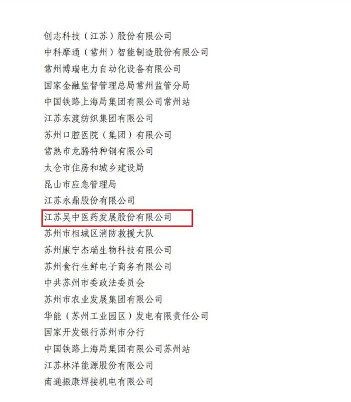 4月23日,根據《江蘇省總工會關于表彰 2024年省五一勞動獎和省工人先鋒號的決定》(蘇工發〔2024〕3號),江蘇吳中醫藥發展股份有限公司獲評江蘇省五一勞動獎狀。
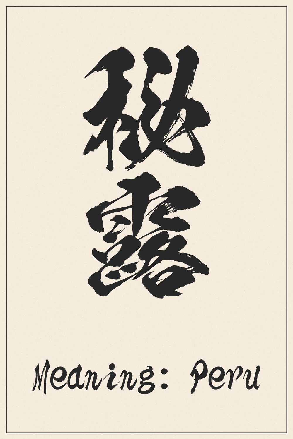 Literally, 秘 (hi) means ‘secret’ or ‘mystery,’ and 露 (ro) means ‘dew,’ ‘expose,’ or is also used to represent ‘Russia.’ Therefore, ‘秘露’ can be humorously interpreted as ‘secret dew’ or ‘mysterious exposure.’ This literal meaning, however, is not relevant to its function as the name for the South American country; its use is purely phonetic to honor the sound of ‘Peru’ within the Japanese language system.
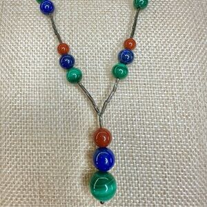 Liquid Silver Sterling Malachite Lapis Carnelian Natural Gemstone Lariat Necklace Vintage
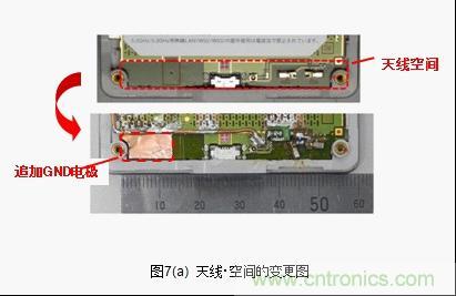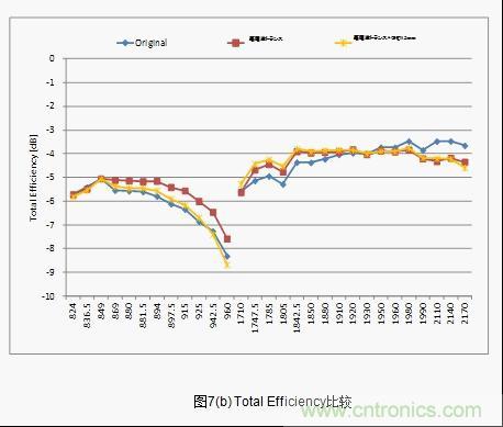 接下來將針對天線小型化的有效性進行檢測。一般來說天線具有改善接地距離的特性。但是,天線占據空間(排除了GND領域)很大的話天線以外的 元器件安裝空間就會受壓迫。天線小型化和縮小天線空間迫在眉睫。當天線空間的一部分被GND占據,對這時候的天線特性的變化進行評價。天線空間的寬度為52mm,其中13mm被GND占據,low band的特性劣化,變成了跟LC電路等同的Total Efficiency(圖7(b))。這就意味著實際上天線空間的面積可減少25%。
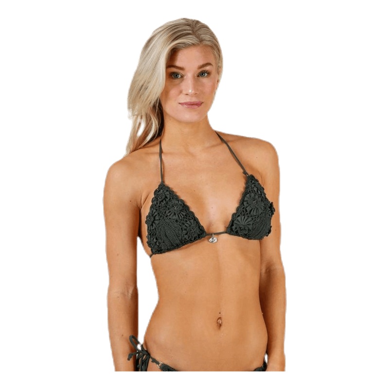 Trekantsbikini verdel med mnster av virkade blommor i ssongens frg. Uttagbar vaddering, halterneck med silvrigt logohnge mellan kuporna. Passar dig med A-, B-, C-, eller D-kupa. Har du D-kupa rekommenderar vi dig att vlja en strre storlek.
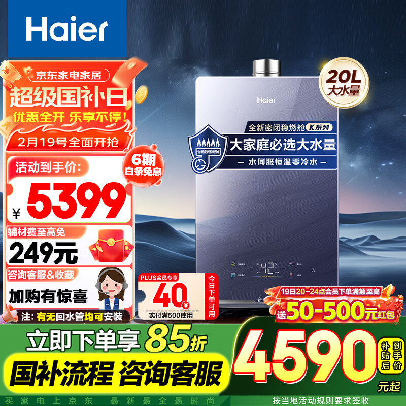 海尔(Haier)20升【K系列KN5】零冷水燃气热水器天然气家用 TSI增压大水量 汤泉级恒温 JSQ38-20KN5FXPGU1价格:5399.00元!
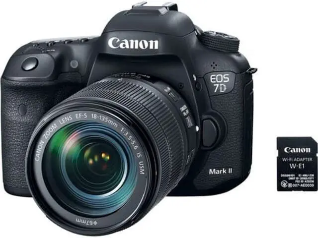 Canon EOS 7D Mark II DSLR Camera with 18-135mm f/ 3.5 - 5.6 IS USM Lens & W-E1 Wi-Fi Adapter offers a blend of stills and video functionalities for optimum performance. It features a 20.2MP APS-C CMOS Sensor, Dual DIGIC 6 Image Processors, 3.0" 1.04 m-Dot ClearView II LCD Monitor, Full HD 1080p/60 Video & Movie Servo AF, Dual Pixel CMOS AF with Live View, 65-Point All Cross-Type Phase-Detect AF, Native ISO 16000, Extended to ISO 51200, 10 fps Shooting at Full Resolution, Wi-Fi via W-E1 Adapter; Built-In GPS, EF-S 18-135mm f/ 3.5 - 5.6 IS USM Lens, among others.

### [Your objective]
Every line from the one containing "Trekantsbikini verdel med" to the final line of the records must be transcribed exactly, both ends included, with the pictures left out.

### [Response to this task]
 Trekantsbikini verdel med mnster av virkade blommor i ssongens frg. Uttagbar vaddering, halterneck med silvrigt logohnge mellan kuporna. Passar dig med A-, B-, C-, eller D-kupa. Har du D-kupa rekommenderar vi dig att vlja en strre storlek.
 海尔(Haier)20升【K系列KN5】零冷水燃气热水器天然气家用 TSI增压大水量 汤泉级恒温 JSQ38-20KN5FXPGU1价格:5399.00元!
 Canon EOS 7D Mark II DSLR Camera with 18-135mm f/ 3.5 - 5.6 IS USM Lens & W-E1 Wi-Fi Adapter offers a blend of stills and video functionalities for optimum performance. It features a 20.2MP APS-C CMOS Sensor, Dual DIGIC 6 Image Processors, 3.0" 1.04 m-Dot ClearView II LCD Monitor, Full HD 1080p/60 Video & Movie Servo AF, Dual Pixel CMOS AF with Live View, 65-Point All Cross-Type Phase-Detect AF, Native ISO 16000, Extended to ISO 51200, 10 fps Shooting at Full Resolution, Wi-Fi via W-E1 Adapter; Built-In GPS, EF-S 18-135mm f/ 3.5 - 5.6 IS USM Lens, among others.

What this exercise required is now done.